Едва только выбрался Светославич из леса… за широкой долиною, на покатости, разделенной тремя истоками, вытекающими из горы, покрытой садами и лесом, открылось село, огражденное деревянной стеною с отлогами; на расстоянии полупоприща возвышались каменные бойницы; между разбросанными по холмам домами, похожими на сброшенные на землю крыши, стояли несколько мольбищ с вежами высокими.
— Отец мой! — вскричала дева. — Вот и станица твоя, Босна! О, как радостна душа моя! Вон горница моя… светит за зеленым садом!
Пес бежал прямо к городу. Встречные люди останавливались, всматривались в Светославича и вдруг с удивлением снимали мохнатые шапки, кланялись в пояс.

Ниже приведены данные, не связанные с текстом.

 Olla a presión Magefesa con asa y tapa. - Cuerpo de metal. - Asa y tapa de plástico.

Вот подъехал Светославич к воротам; стража с изумлением выровняла свои секиры.
— Жупан Марко! — раздалось во всех устах, и молва перегнала приезжего. Весь народ поднялся на ноги, стекается отовсюду на встречу.

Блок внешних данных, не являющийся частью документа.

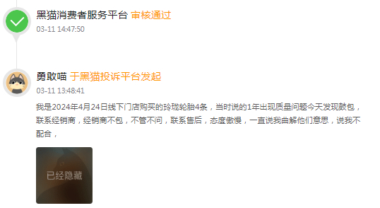 黑猫投诉官方网站显示,玲珑轮胎多次因鼓包问题遭投诉,部分消费者反映其售后“踢皮球”的问题。例如,有网友在3月11日投诉称,其于2024年4月24日线下门店购买玲珑轮胎4条,发现鼓包后,联系经销商,经销商不管不问,联系售后,售后态度傲慢。1月12日,亦有用户投诉称,其2024年11月13日购买玲珑轮胎,使用2个月不到,行驶公里数不超500公里,轮胎出现鼓包问题。该用户称:致电厂家售后,说是其个人行驶压硬物造成,不给予售后,这质量问题谁负责?

— Пан ты наш, Государь! — кричат со всех сторон.
— Да где же глас рогов и бубнов?.. не взметается пыль по пути? — шепчут все, смотря на извивающийся путь в гору, с которого приехал Светославич.
— Не видно!.. или сгинули отцы, мужья и дети наши от меча и жажды в недобираемой дали?
Но, несмотря на все сомнения, народ стекается, кричит:
— Здравствуй, Пан ты наш, Государь, Краль Марко! и с своею Кралицею Вояною!
Снимают Светославича и Вояну с коня, ведут под руки в высокие палаты; обступил народ палаты, сошлись скоморохи, зычат в бубны, побрякивают кольцами, дудят в глиняные дудки, пищат в сопелки, рады все, что приехал Краль Марко.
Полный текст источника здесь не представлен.